Saudi Arabia stands the most to lose from a post Pax Americana world. Wouldn’t be long before the Russians invaded Saudi Arabia. My guess is that they’ll come through Iran, Syria, and Lebanon as invited guests, and then go through Israel, Jordan, and Iraq to take their great spoil.
>>>The first Roman Emperor—Caesar Augustus—was horrible<<<
No, no, no. It was far worse than that. Caesar Augustus put an end to the infighting, the constant civil wars between the elite families, and brought tranquility and order to the society. He recalled the Senate and stated to the people that he would reform the republic. He saw himself in the role of Cincinnatus, the dictator who would rule justly. After his ascension, Augustus ruled for 40 years in a peaceful, properous Rome. That was the horror - the people forgot their republican traditions and came to accept the king as normal. Even after Augustus, the question became, “Who is the best ruler for Rome?” not “Should we have one-man rule?”

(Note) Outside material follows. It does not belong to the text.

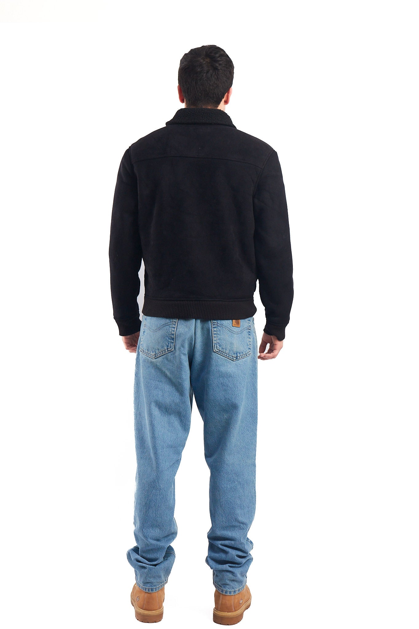 Hecho de 100% polyester con una textura tipo cuero. Color negro con bolsillos tipo aviador . Su forro interno es de faux fur ( piel sintética) . Botones negros con grabado Tommy.

If we meekly acquiesce to the current trend of totalitarian rule by bureaucratic fiat - the EU model - we could just see ourselves sliding into the world of Augustus. Of course, Rome remained solvent for another 1,400 years after that in one form or another, so it wouldn’t be the end. Even in Rome, the provinces still continued to practice republican values for a long time into the empire. In fact, if we go this route, I could see empire - a Carthoginian-style war against the Chinese, perhaps, a reinvigoration of American martial values wedded to the state’s needs. Stranger things have happened.
I don’t think that’s the way it’ll go, though.
I think that we’re going to have a rematch of the Glorious Revolution, with the elites supporting the left taking the side of the divine rights of kings (the unlimited state, in modern terms), and the elites supporting the right taking the side of the rights of man (God-given natural rights to each individual). On the left, there is the federal government, the unions, the academics, and the artists, which includes the media. On the right, there are businesses, the states, the military, and the people. The churches are split.
It’s 1688 all over again. Just my opinion.
BFL
If you sit by the river long enough, you will see the body of your enemy float by.
IIRC, this may be attributed to Caesar Augustus
You're absolutely right about that.
My father and mother were fanatical Democrats who thought Franklin Roosevelt was wonderful. However, if they were alive today, they would be horrified.
My father died a Democrat. My mother finally saw where the nation was headed and became a Republican back in the 1970's before she died.
That generation was very foolish to empower Franklin Roosevelt and his enablers--but they would never have tolerated the foolishness of the present generation or of the Hippie Revolution.
I can't help wondering how the men--most of them under the age of 21--who walked directly into machine gun fire on the beaches of Normandie would have felt if they had known where the U.S.A. would be in 2010.
I know how my father and mother would have felt. They would have done everything within their power to prevent this Decadence.
Actually I think they total understand that. They want an America that is weak and has little influence in the world. It makes them feel good about themselves.